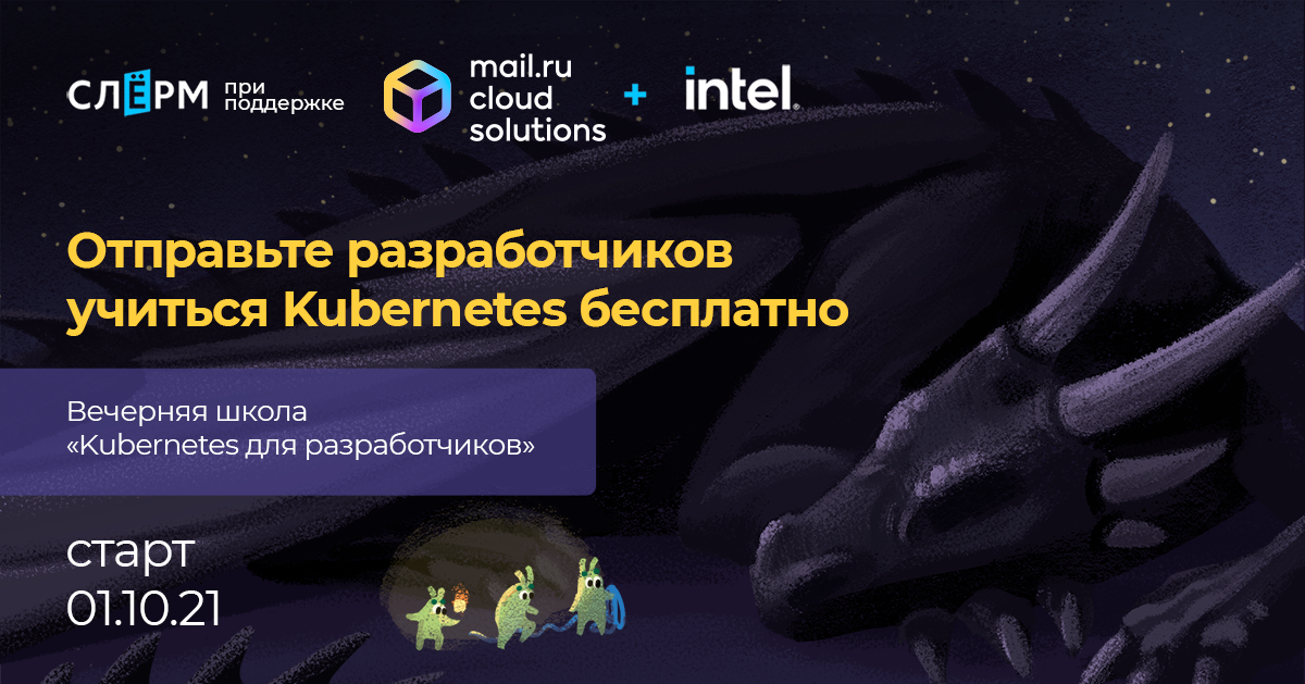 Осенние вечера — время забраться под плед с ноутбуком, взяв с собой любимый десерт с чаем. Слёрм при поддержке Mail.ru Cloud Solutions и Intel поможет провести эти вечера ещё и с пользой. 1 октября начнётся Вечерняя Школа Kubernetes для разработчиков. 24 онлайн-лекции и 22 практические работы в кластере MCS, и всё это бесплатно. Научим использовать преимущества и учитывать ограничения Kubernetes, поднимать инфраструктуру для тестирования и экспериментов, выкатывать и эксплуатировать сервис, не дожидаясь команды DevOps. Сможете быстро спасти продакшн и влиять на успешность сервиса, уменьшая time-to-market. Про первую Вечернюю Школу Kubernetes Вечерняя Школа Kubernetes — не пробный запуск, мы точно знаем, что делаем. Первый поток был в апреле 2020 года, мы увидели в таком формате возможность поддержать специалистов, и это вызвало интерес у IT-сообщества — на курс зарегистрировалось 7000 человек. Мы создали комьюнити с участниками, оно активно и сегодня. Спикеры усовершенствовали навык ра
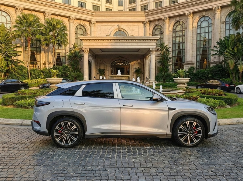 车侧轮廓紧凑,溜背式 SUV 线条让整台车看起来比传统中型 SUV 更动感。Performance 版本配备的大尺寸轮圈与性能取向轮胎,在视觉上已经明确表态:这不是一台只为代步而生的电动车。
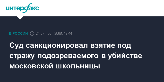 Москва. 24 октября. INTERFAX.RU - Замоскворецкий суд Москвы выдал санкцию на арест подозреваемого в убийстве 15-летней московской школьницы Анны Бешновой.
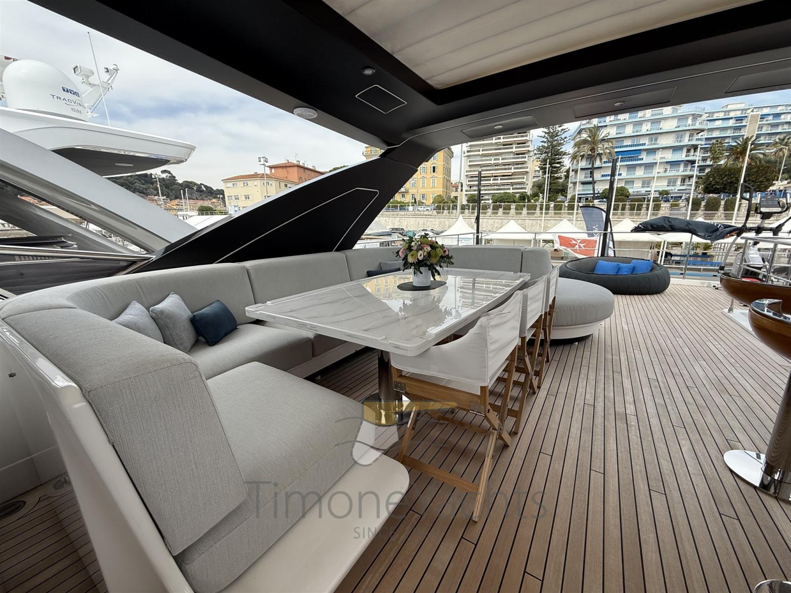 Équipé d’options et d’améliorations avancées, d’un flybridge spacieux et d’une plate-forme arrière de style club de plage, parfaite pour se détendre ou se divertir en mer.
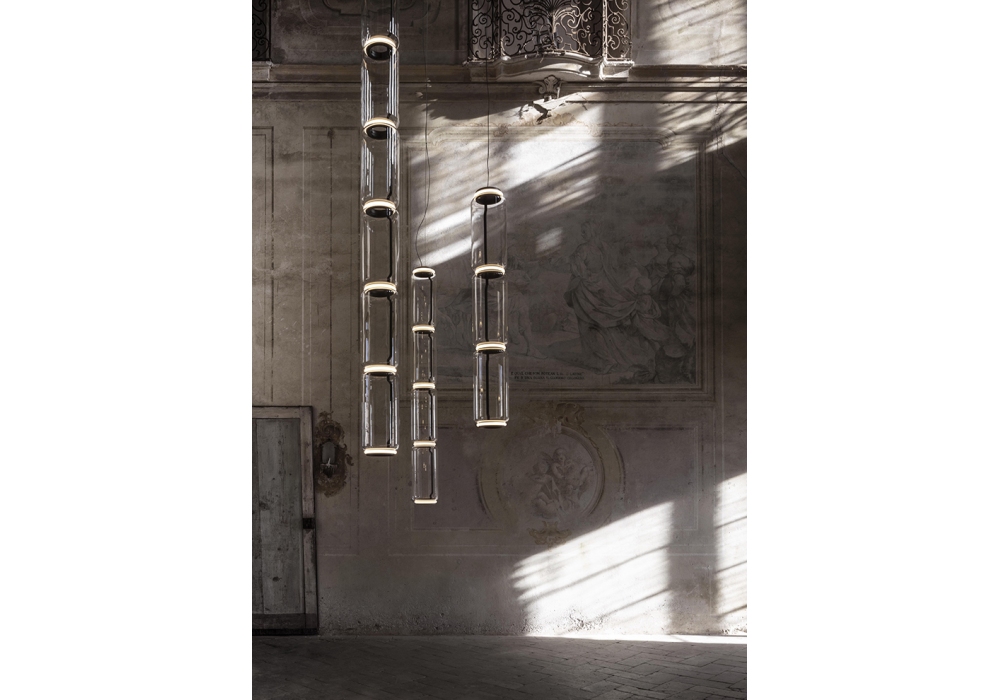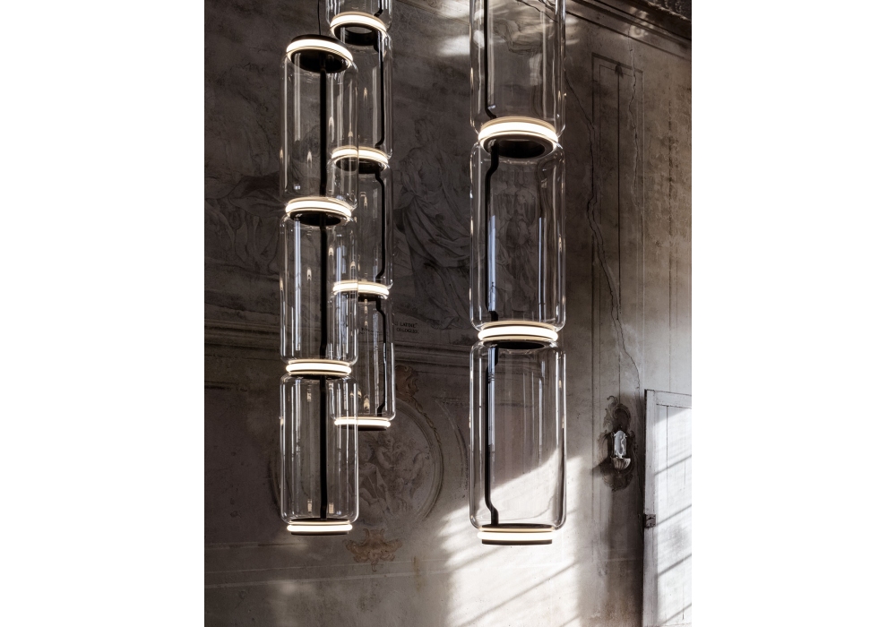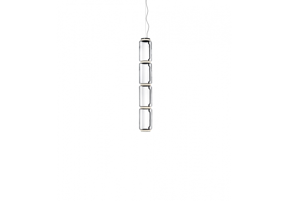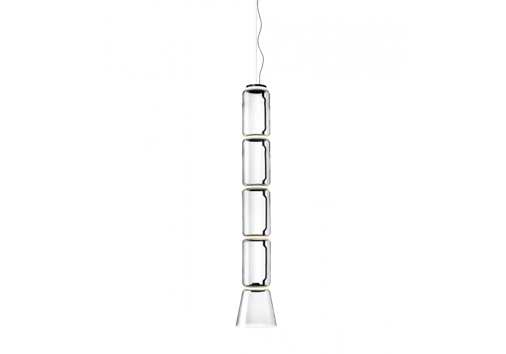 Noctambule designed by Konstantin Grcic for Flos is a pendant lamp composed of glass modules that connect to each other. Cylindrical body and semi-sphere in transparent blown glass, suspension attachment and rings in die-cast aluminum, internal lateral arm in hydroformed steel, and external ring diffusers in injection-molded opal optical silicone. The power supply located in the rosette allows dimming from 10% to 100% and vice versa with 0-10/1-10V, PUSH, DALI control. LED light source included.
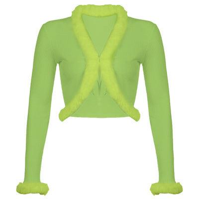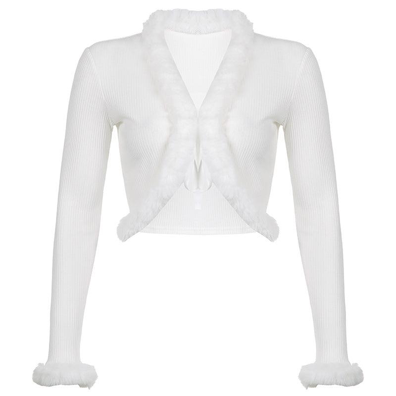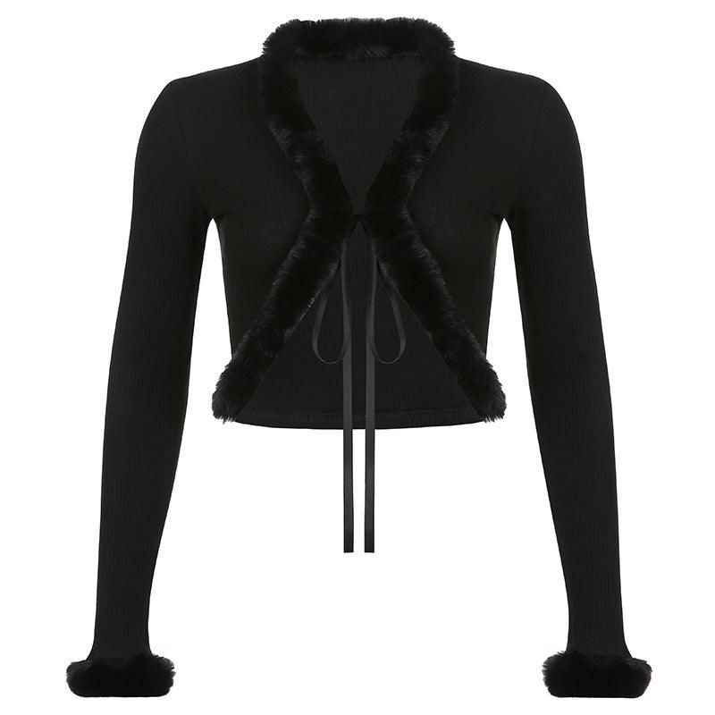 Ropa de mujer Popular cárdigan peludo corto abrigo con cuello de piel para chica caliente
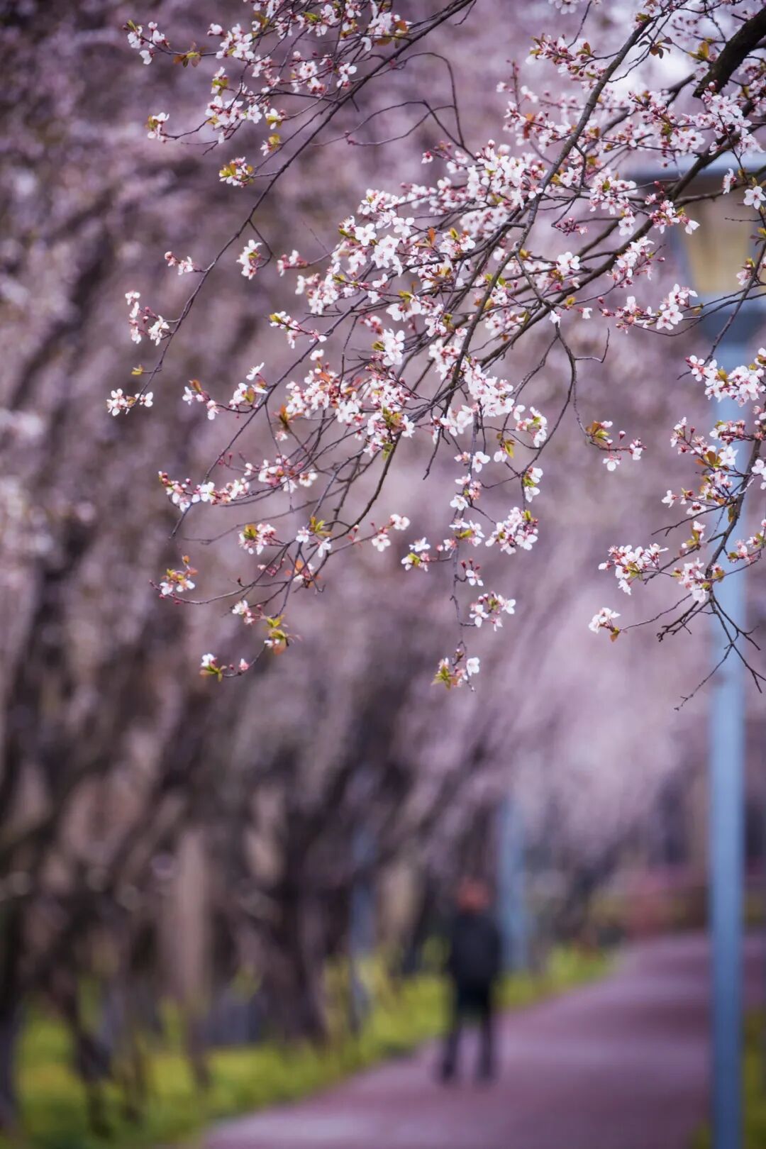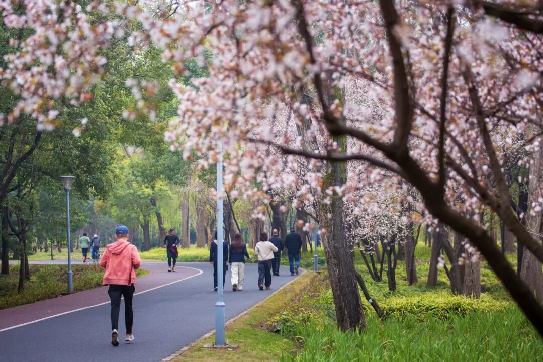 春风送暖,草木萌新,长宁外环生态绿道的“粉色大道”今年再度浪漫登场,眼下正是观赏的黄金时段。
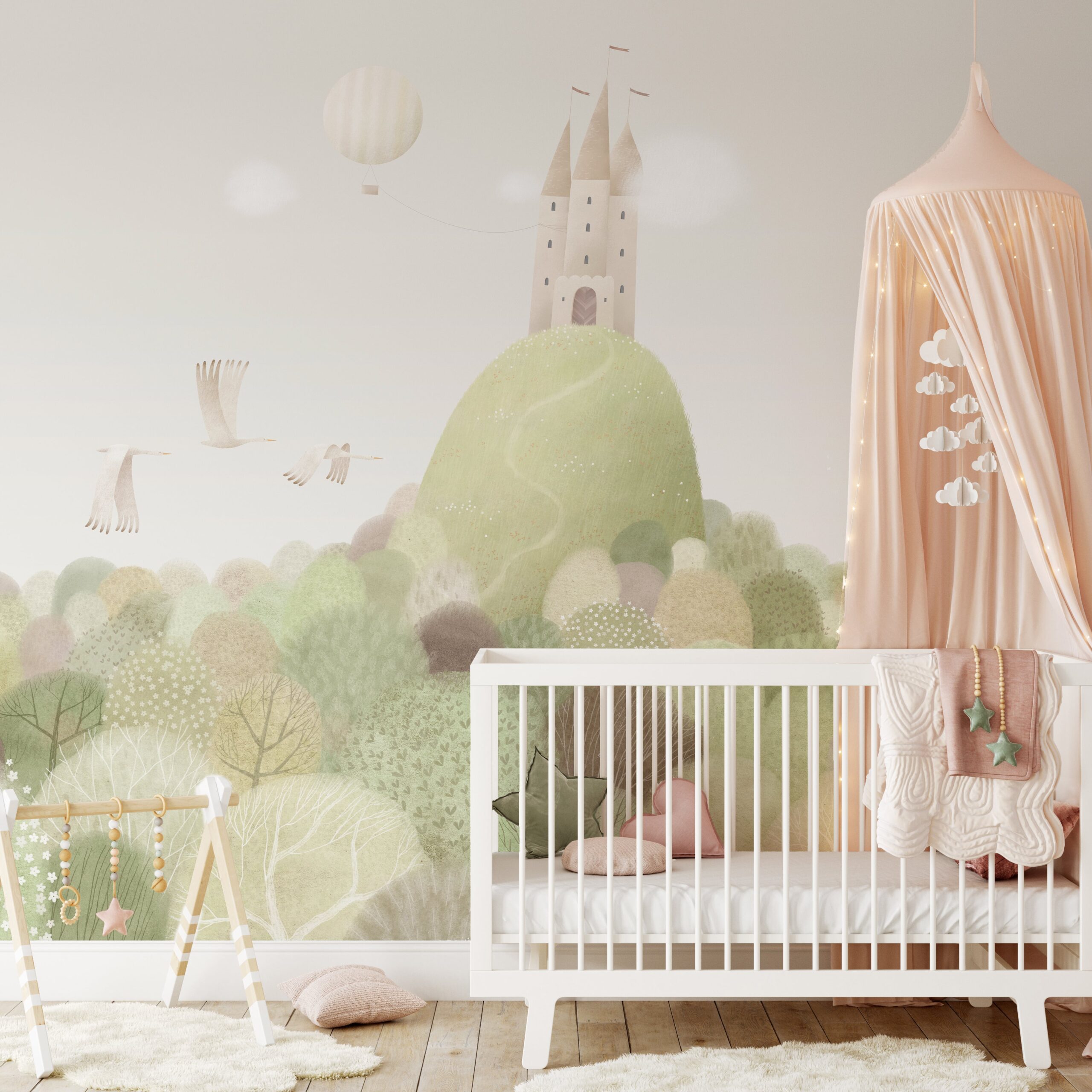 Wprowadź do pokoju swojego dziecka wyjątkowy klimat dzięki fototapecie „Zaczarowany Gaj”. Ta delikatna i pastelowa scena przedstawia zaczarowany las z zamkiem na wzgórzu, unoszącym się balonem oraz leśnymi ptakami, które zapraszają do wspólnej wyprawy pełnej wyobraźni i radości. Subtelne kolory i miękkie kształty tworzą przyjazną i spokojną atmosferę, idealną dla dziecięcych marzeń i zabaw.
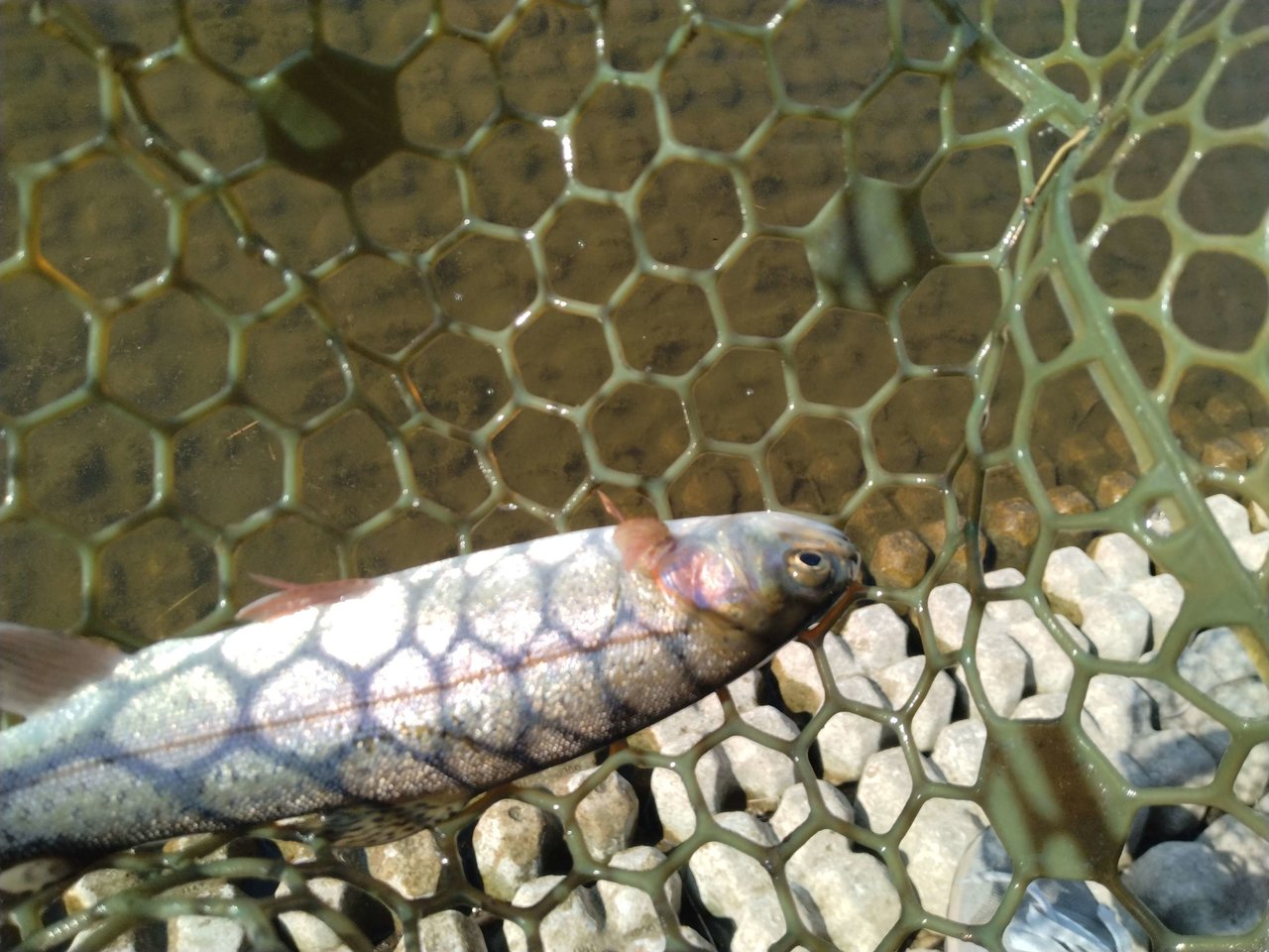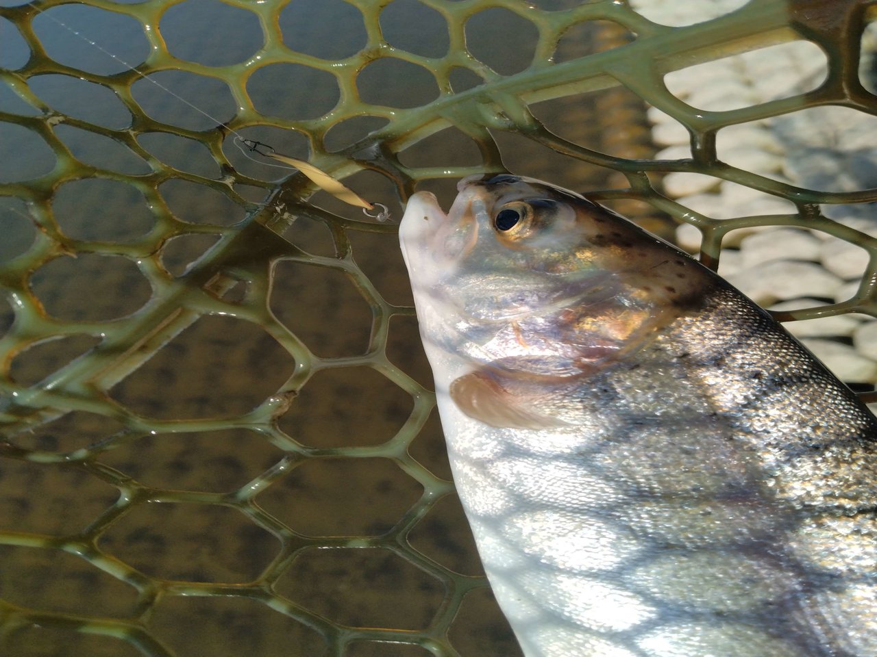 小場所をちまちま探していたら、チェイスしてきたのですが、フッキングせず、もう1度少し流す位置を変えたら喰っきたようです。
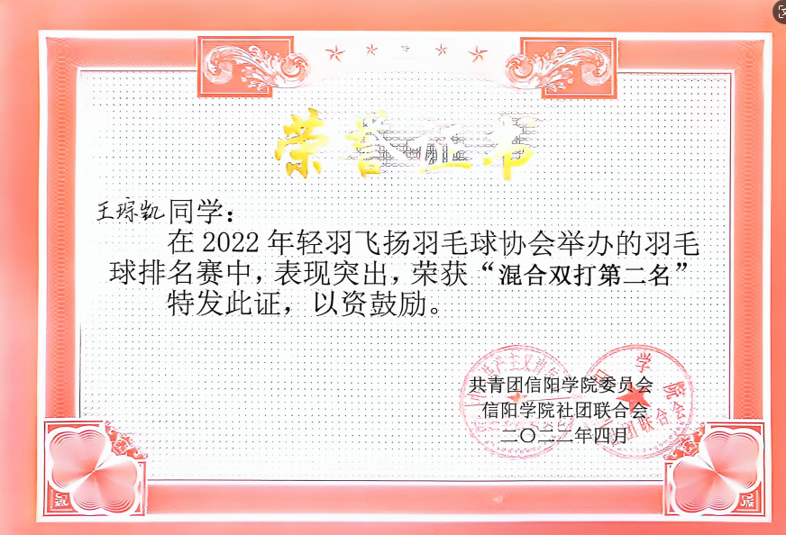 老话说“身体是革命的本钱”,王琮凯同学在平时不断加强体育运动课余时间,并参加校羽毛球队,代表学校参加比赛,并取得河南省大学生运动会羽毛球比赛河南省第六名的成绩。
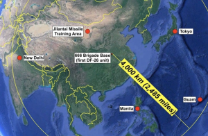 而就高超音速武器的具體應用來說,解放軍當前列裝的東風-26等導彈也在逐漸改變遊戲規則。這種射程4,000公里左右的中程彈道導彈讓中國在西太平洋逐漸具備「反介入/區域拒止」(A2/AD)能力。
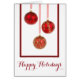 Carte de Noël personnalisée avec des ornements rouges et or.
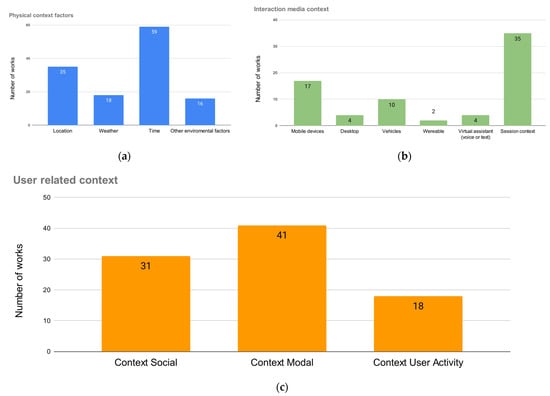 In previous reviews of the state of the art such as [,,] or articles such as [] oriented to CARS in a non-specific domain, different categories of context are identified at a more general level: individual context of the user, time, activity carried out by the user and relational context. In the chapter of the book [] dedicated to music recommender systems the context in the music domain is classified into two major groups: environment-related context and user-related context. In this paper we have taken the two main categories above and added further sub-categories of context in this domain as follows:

● ● ● ● ●

[INSTRUCTIONS FOR THE TASK]: Work from the entries above. Set down exactly and only the lines from the line with "车侧轮廓紧凑,溜背式 SUV 线条让整台车看起来比传统中型" to the line with "Équipé d’options et", both included, and leave the pictures out.

[PROBLEM SOLUTION]:
 车侧轮廓紧凑,溜背式 SUV 线条让整台车看起来比传统中型 SUV 更动感。Performance 版本配备的大尺寸轮圈与性能取向轮胎,在视觉上已经明确表态:这不是一台只为代步而生的电动车。
 Москва. 24 октября. INTERFAX.RU - Замоскворецкий суд Москвы выдал санкцию на арест подозреваемого в убийстве 15-летней московской школьницы Анны Бешновой.
 Équipé d’options et d’améliorations avancées, d’un flybridge spacieux et d’une plate-forme arrière de style club de plage, parfaite pour se détendre ou se divertir en mer.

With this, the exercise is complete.